*What this task involves*: Please restate word for word the lines of the entries below from the one with "大門をくぐると、白い大きな傘" to the one with "Двойная удлиненная шапка-колпак.", inclusive, and leave out every picture.
═════ Available data ═════
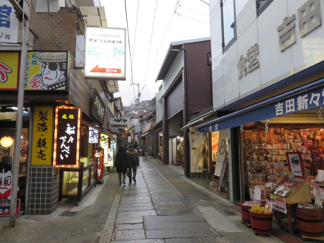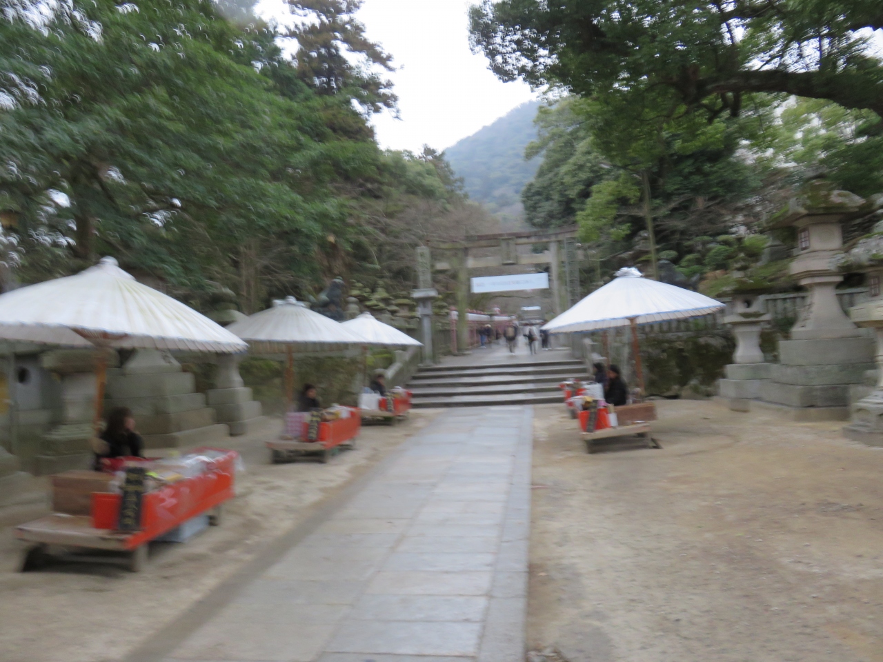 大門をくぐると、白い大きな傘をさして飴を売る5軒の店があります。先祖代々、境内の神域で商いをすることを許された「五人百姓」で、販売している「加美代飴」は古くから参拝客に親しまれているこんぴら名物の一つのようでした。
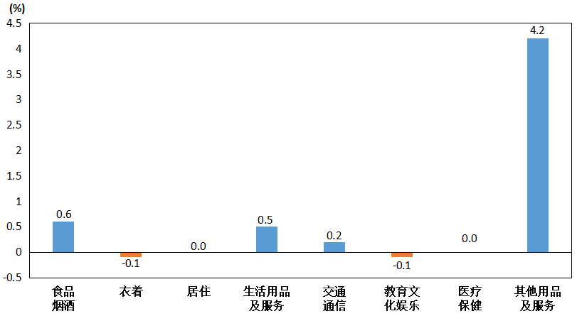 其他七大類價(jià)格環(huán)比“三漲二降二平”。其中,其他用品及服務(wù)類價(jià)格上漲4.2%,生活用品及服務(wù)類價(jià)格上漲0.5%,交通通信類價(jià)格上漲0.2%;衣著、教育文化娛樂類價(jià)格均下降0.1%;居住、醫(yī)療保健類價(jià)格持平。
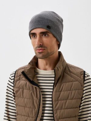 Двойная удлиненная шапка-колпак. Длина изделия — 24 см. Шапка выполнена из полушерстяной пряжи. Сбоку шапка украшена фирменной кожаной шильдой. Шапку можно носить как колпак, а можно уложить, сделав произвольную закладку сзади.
═════
═════ Available data ═════
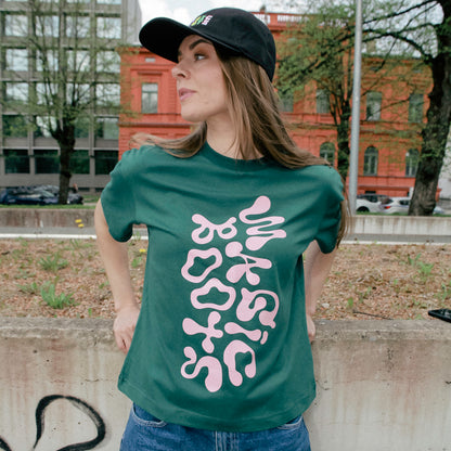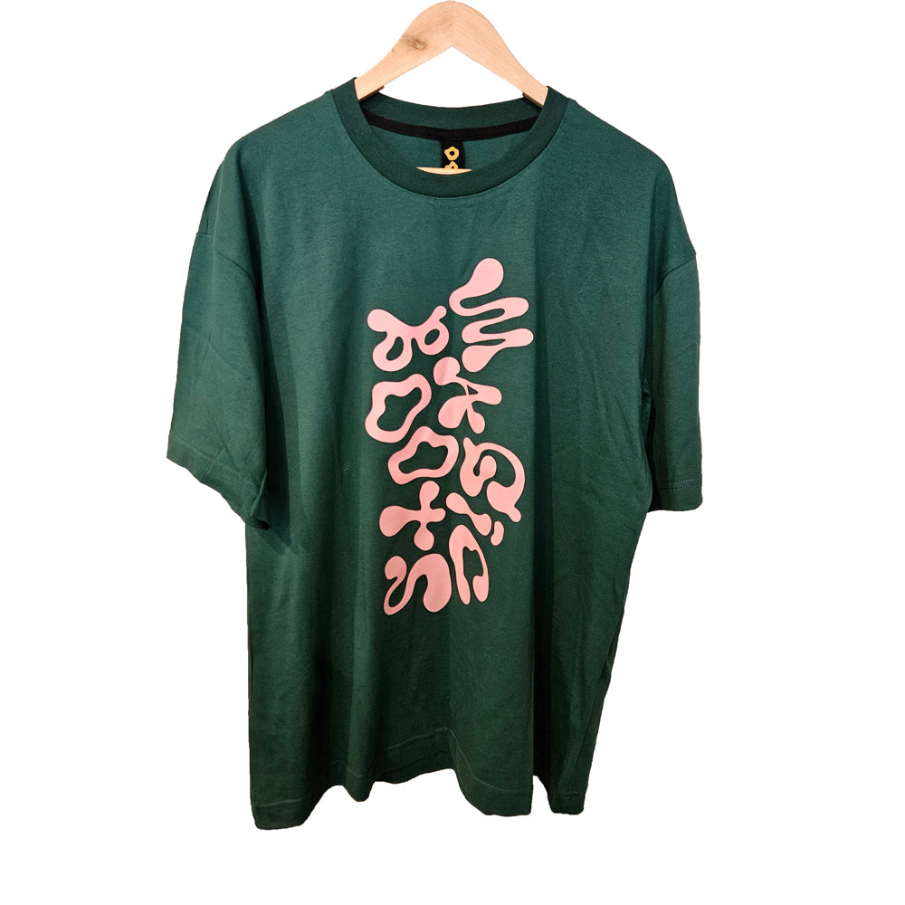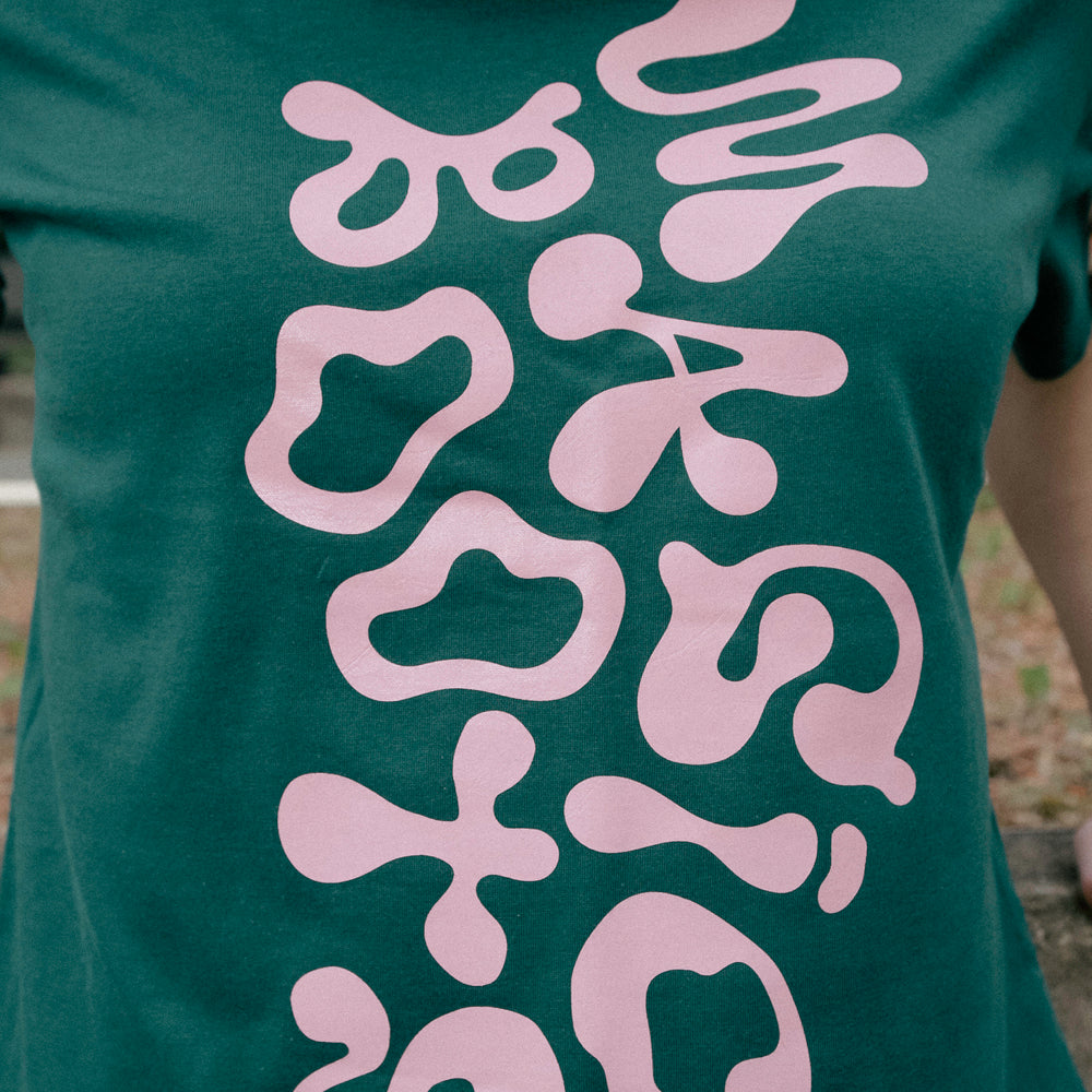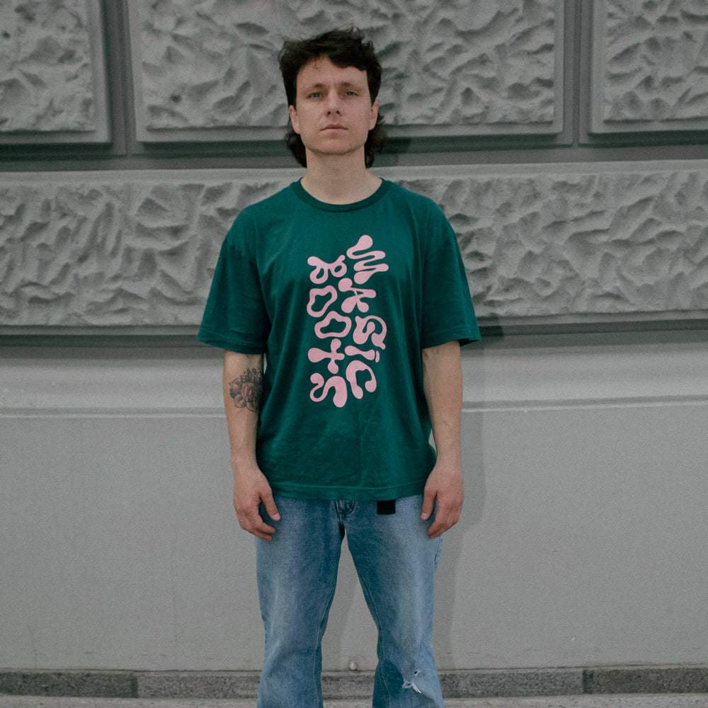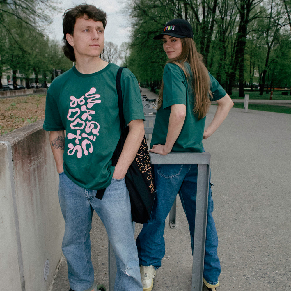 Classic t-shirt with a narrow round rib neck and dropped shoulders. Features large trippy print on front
═════
═════ Available data ═════
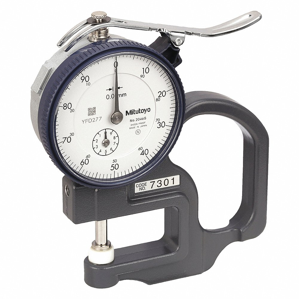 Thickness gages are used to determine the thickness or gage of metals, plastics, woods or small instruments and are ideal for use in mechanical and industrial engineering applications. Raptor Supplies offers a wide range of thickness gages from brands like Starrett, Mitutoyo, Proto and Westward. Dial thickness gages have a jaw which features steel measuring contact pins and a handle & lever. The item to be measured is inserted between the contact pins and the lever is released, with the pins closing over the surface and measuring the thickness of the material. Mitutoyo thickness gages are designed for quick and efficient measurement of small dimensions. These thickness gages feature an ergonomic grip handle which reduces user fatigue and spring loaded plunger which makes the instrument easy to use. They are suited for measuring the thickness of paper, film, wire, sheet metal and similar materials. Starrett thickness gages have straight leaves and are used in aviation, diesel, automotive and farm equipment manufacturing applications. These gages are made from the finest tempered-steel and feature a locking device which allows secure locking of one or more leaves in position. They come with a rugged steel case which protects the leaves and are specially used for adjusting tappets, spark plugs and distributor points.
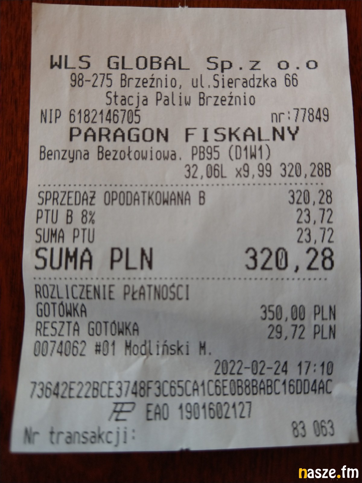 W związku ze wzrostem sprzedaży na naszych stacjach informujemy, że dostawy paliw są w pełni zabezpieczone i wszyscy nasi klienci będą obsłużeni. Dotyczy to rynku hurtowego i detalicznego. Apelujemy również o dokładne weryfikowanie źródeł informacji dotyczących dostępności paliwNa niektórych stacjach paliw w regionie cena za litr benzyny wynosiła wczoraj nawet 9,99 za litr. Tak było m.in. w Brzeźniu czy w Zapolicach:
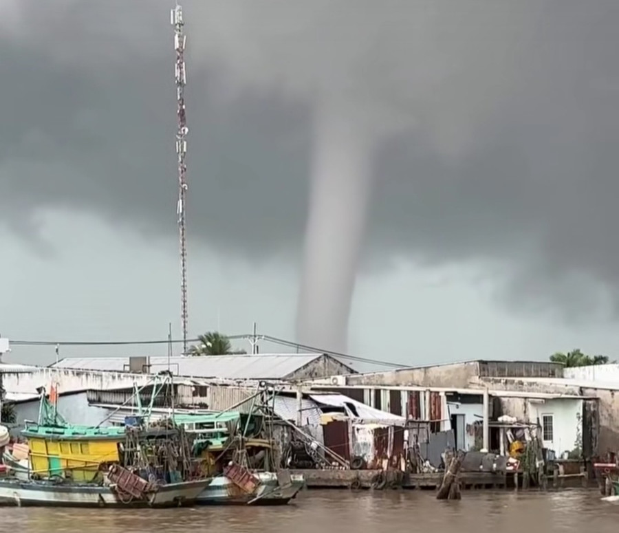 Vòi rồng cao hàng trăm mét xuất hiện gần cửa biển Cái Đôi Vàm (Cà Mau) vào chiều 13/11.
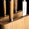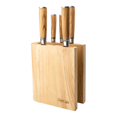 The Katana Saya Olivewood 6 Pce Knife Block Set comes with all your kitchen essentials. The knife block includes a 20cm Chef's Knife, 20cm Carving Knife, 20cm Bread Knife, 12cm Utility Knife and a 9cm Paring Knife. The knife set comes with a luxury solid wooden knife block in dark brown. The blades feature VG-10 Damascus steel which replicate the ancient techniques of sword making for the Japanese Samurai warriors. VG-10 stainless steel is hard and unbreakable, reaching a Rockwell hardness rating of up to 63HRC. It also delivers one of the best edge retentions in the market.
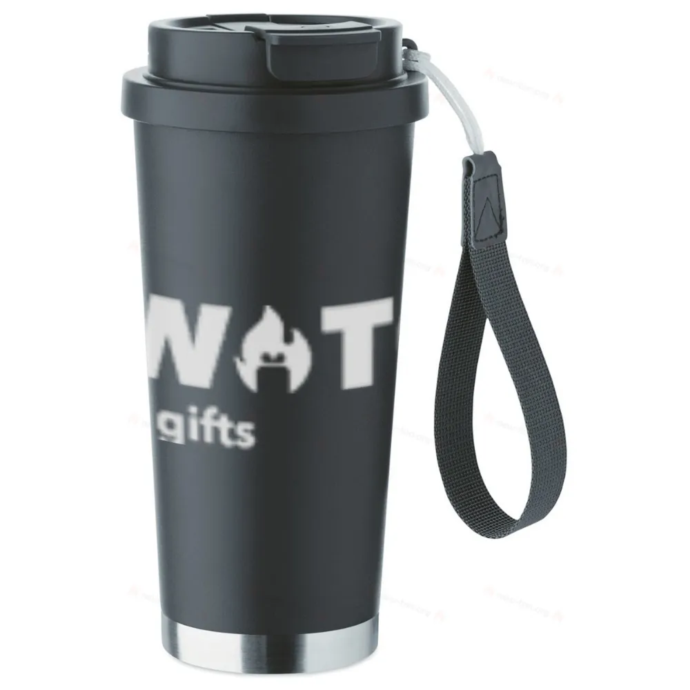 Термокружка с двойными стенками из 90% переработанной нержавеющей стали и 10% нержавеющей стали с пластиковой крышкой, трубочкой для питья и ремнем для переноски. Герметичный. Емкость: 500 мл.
═════
*The answer*:
 大門をくぐると、白い大きな傘をさして飴を売る5軒の店があります。先祖代々、境内の神域で商いをすることを許された「五人百姓」で、販売している「加美代飴」は古くから参拝客に親しまれているこんぴら名物の一つのようでした。
 其他七大類價(jià)格環(huán)比“三漲二降二平”。其中,其他用品及服務(wù)類價(jià)格上漲4.2%,生活用品及服務(wù)類價(jià)格上漲0.5%,交通通信類價(jià)格上漲0.2%;衣著、教育文化娛樂類價(jià)格均下降0.1%;居住、醫(yī)療保健類價(jià)格持平。
 Двойная удлиненная шапка-колпак. Длина изделия — 24 см. Шапка выполнена из полушерстяной пряжи. Сбоку шапка украшена фирменной кожаной шильдой. Шапку можно носить как колпак, а можно уложить, сделав произвольную закладку сзади.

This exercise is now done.